Umerov est un poids plume politique et n’est pas militaire de profession. Il pourrait devenir le « bouc émissaire », alors que l’armée ukrainienne est en train de perdre la bataille du Donbass. Mais Budanov appartient à une toute autre planète : c’est un soldat professionnel dont la carrière s’est entièrement déroulée au sein des forces spéciales de la Direction principale du renseignement (HUR) depuis qu’il a obtenu son diplôme à l’Institut des forces terrestres d’Odessa en 2007 (à l’origine, l’établissement d’enseignement d’élite des forces armées soviétiques pour la formation des officiers des unités de renseignement militaire). Ironiquement, son expertise dans les opérations contre la Russie le place aujourd’hui en tête de la liste des hommes recherchés par Moscou.
En fin de compte, trois éléments rendent Budanov indispensable.
Tout d’abord, Budanov est un officier de renseignement exceptionnellement audacieux, d’une race rare dans n’importe quel pays, et donc un « atout stratégique » pour le régime de Kiev. Deuxièmement, il supervise trois milices russes anti-Kremlin qui se battent pour l’Ukraine, la plus importante étant le Corps des volontaires russes (RVC) dirigé par Denis Kapustin, que les autorités allemandes ont décrit comme « l’un des activistes néonazis les plus influents sur le continent européen aujourd’hui ». (Voir le document académique intitulé Ukrainian Nazism today : origin and ideological and political typology sur le site du ministère russe des affaires étrangères).
Kiev affirme que le RVC agit de manière indépendante et que son succès ne fait que témoigner de la perte de contrôle du Kremlin sur la situation sécuritaire dans le pays. Mais en réalité, les raids de la RVC sont étroitement coordonnés avec le HUR, qui fournit l’assistance logistique, vérifie les plans opérationnels, les arme et les finance. En fait, le RVC fait officiellement partie des forces armées ukrainiennes, enrôlées dans la « Légion internationale ». D’ailleurs, Kapustin a également des liens avec des groupes néo-nazis américains.
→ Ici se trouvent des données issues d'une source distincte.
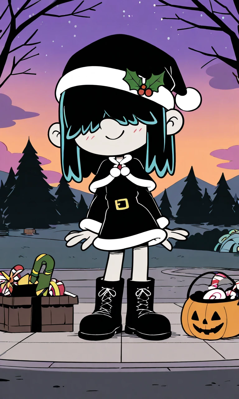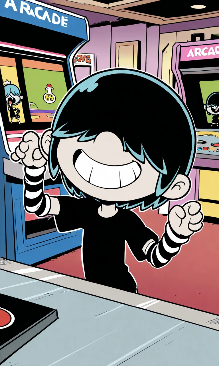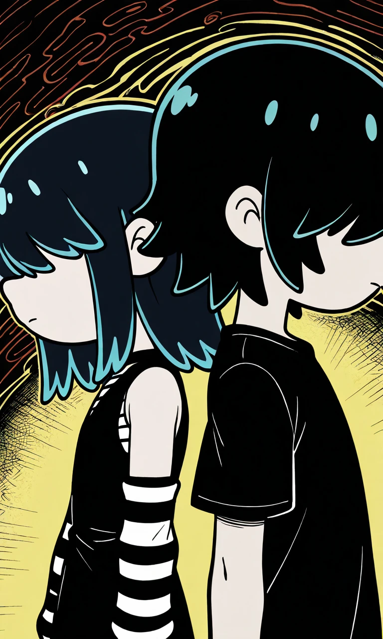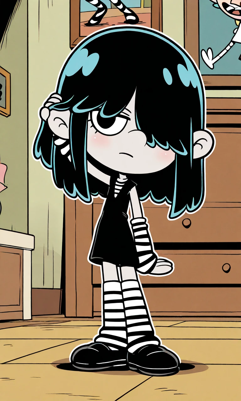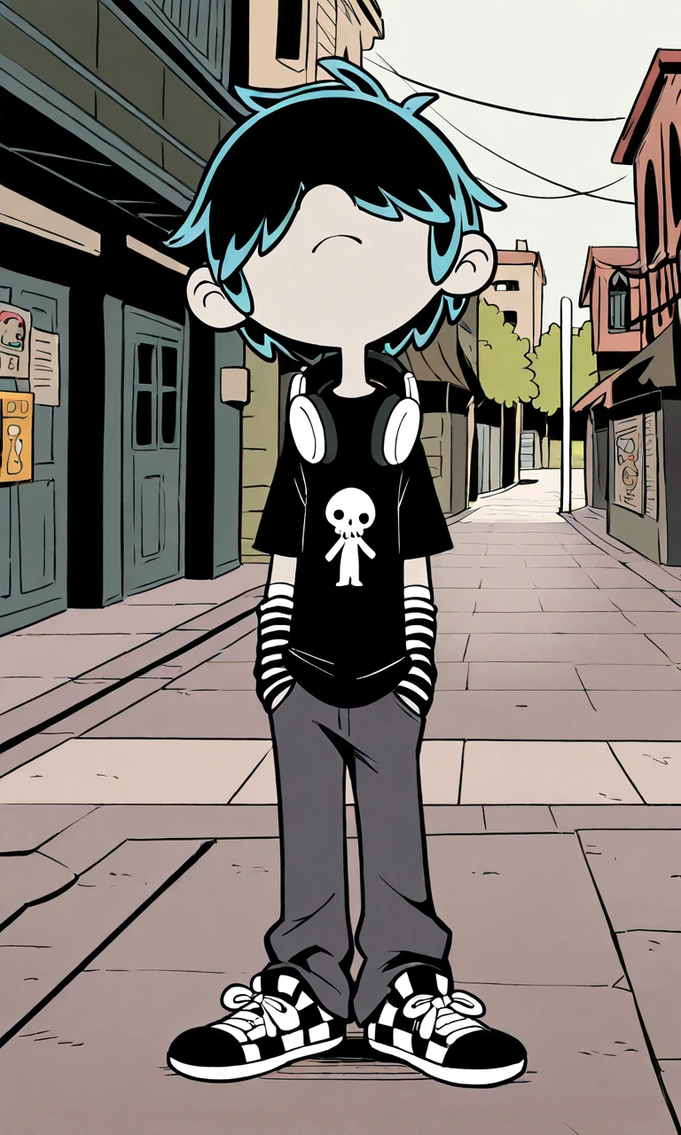 Lars: 1boy, chibi, solo, short hair, black hair, blue hair, hair over eyes, covered eyes, short sleeves, black shirt, striped arm warmers, black and white arm warmers, grey pants, checkered shoes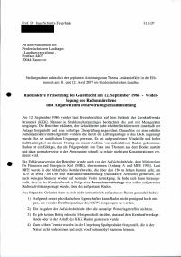 enthält u.a.: -Anhörung des Ausschusses für Soziales, Frauen, Familie und Gesundheit am 11./12. April 2007 zu "Leukämiefälle in der Elbmarsch müssen geklärt werden - Bürgerinnen und Bürger in der Elbmarsch nicht allein lassen" : Beantwortung der Fragen des Ausschusses zum Themenblock III "Kügelchen", 3.4.2004 [muss 2007 heißen?] (7 Seiten) -Bericht über die Sonderuntersuchung der Belastung des Bodens der Elbmarsch mit Alphastrahlern (Zusammenfassung) / Niedersächsisches Landesamt für Ökologie, 13.2.2001 (2 Seiten) -Bericht über die Sonderuntersuchung der Belastung des Bodens der Elbmarsch mit Alphastrahlern / Niedersächsisches Landesamt für Ökologie, [ohne Datum] (54 Seiten) -Nachtrag Landtagsanhörung: ergänzendes Material nach der Ausschuss-Sitzung vom 5.7.2006 -Wortprotokoll: Ausschuss-Sitzung Ausschuss für Soziales, Frauen, Familie und Gesundheit am 5.7.2006 (Entwurf) -Schriftverkehr BI -Projektskitze [sic!] Kolloquium Leukämie in der Elbmarsch / [Quelle?], [ohne Datum] (3 Seiten) -Presseerklärung Niedersächsisches Ministerium für Soziales, Frauen, Familie und Gesundheit, 10.12.2004 -Niedersächsischer Landtag: Wortprotokoll Plenarsitzung, 18.5.2006 (Auszug unkorrigiertes Manuskript, Beitrag Uwe Harden)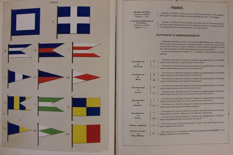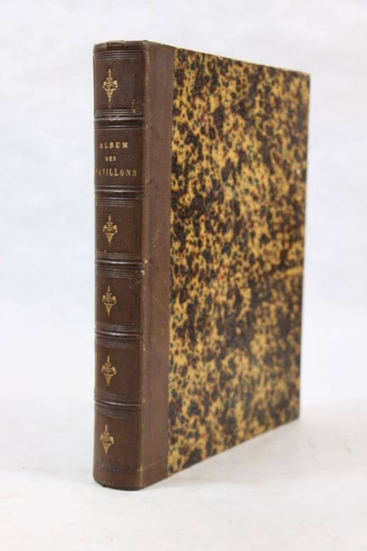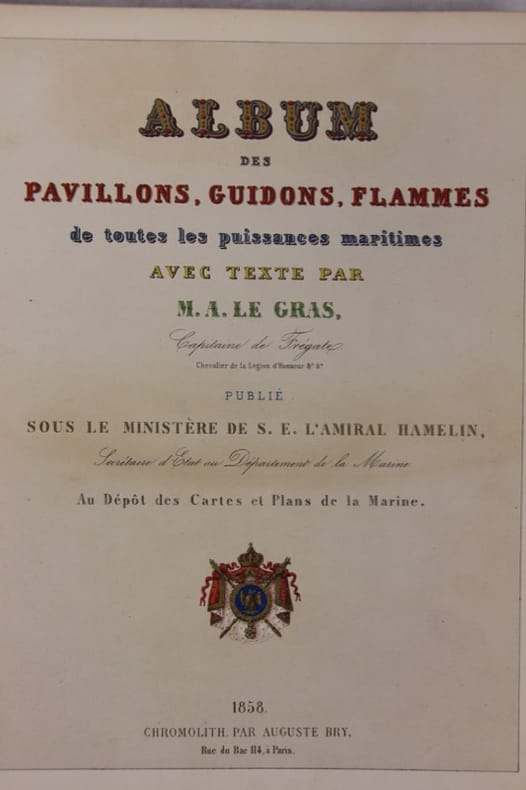Première et seule édition de cet album réunissant 526 pavillons, guidons & flammes de toutes les puissances maritimes du monde, chaque pavillon est accompagné d'une légende qui indique ses proportions et son emploi à bord des bâtiments) présentés sur 65 planches chromolithographiées contenant 526 pavillons. Exemplaire enrichi d’une lettre manuscrite du chef de cabinet du ministre de la Marine et des Colonies, datée 17 avril 1862. Bon état d’occasion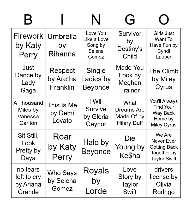 This bingo card has 39 words: Dancing Queen by ABBA, Girl on Fire by Alicia Keys, Walking on Sunshine by Aly & AJ, Respect by Aretha Franklin, no tears left to cry by Ariana Grande, Halo by Beyonce, Single Ladies by Beyonce, Call Me Maybe by Carly Rae Jepsen, Girls Just Want To Have Fun by Cyndi Lauper, Sit Still, Look Pretty by Daya, This Is Me by Demi Lovato, Survivor by Destiny's Child, I Will Survive by Gloria Gaynor, You'll Always Find Your Way Back Home by Miley Cyrus, What Dreams Are Made Of by Hilary Duff, Roar by Katy Perry, Teenage Dream by Katy Perry, Firework by Katy Perry, Since U Been Gone by Kelly Clarkson, Die Young by Ke$ha, Just Dance by Lady Gaga, Royals by Lorde, Made You Look by Meghan Trainor, The Climb by Miley Cyrus, Party In The U.S.A. by Miley Cyrus, Pocketful of Sunshine by Natasha Bedingfield, drivers license by Olivia Rodrigo, Hit Me With Your Best Shot by Pat Benatar, Fight Song by Rachel Platten, Umbrella by Rihanna, Brave by Sara Bareilles, Love Song by Sara Bareilles, Love You Like a Love Song by Selena Gomez, Who Says by Selena Gomez, Love Story by Taylor Swift, You Belong With Me by Taylor Swift, We Are Never Ever Getting Back Together by Taylor Swift, A Thousand Miles by Vanessa Carlton and I Wanna Dance With Somebody by Whitney Houston.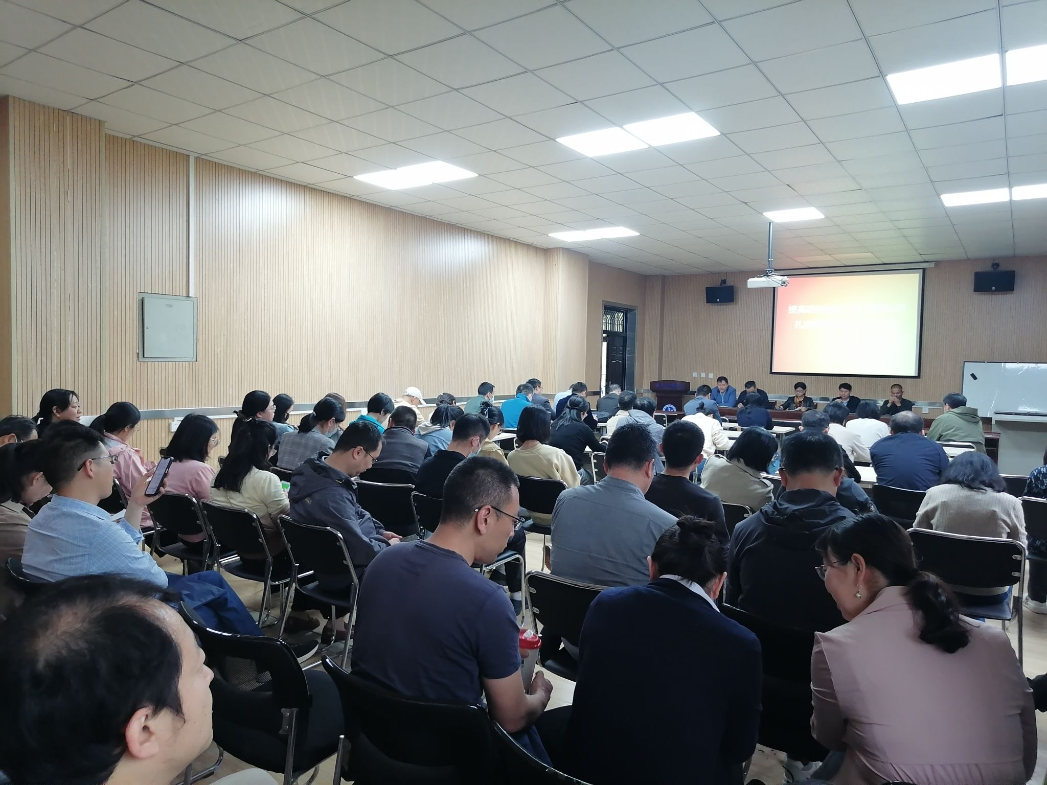 41下午,建筑工程学院在教4-201召开“提高政治站位  统一思想认识-扎实做好审核评估工作”主题大会学院领导班子以及全体教师参加了会议。

Troisièmement, et c’est le plus important, les liens de Budanov avec la CIA sont nombreux. Le New York Times, dans un rapport sensationnel détaillant pour la première fois l’étendue de la présence de la CIA en Ukraine, déclarait : « Le général Budanov était une étoile montante de l’unité 2245. Il était connu pour ses opérations audacieuses derrière les lignes ennemies et entretenait des liens étroits avec la CIA. L’agence l’avait formé et avait également pris l’initiative extraordinaire de l’envoyer en rééducation au centre médical militaire national Walter Reed, dans le Maryland, après qu’il eut reçu une balle dans le bras droit lors des combats dans le Donbass ».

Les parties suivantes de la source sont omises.